Aim of the task:
Copy out every line of the data exactly; do not include the images.

Information supplied:
────────────────

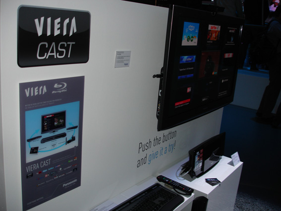 複数のパナソニックAV機器をリンクさせ、ビデオ・オン・デマンドその他の配信コンテンツが視聴できる「VIERA CAST」のデモンストレーション。skype、youtube、bloomberg television、euronews、eurosport等が試聴できることをアピール
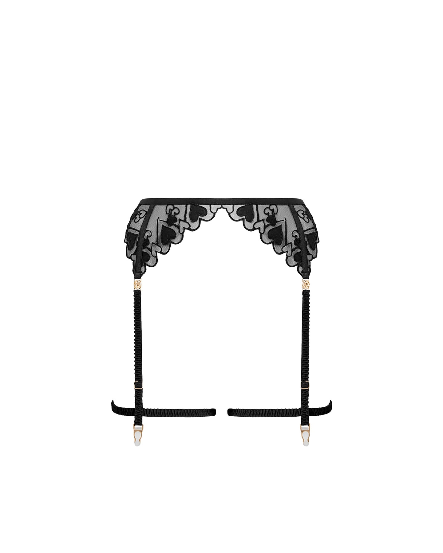 The Harlow Suspender Thigh Harness in black is a modern update on a classic suspender design. Featuring intricate heart embroidery which adorns the sheer mesh skirt, with detachable thigh harness straps for added impact. Complete the set with the matching bra, brief and thong from the range.
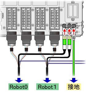 HSRおよびHSA1の2台のロボットを制御するコントローラです。 ロボット用の接地端子が3個ついています。下図のように接続してください。

────────────────

Written solution:
 複数のパナソニックAV機器をリンクさせ、ビデオ・オン・デマンドその他の配信コンテンツが視聴できる「VIERA CAST」のデモンストレーション。skype、youtube、bloomberg television、euronews、eurosport等が試聴できることをアピール
 The Harlow Suspender Thigh Harness in black is a modern update on a classic suspender design. Featuring intricate heart embroidery which adorns the sheer mesh skirt, with detachable thigh harness straps for added impact. Complete the set with the matching bra, brief and thong from the range.
 HSRおよびHSA1の2台のロボットを制御するコントローラです。 ロボット用の接地端子が3個ついています。下図のように接続してください。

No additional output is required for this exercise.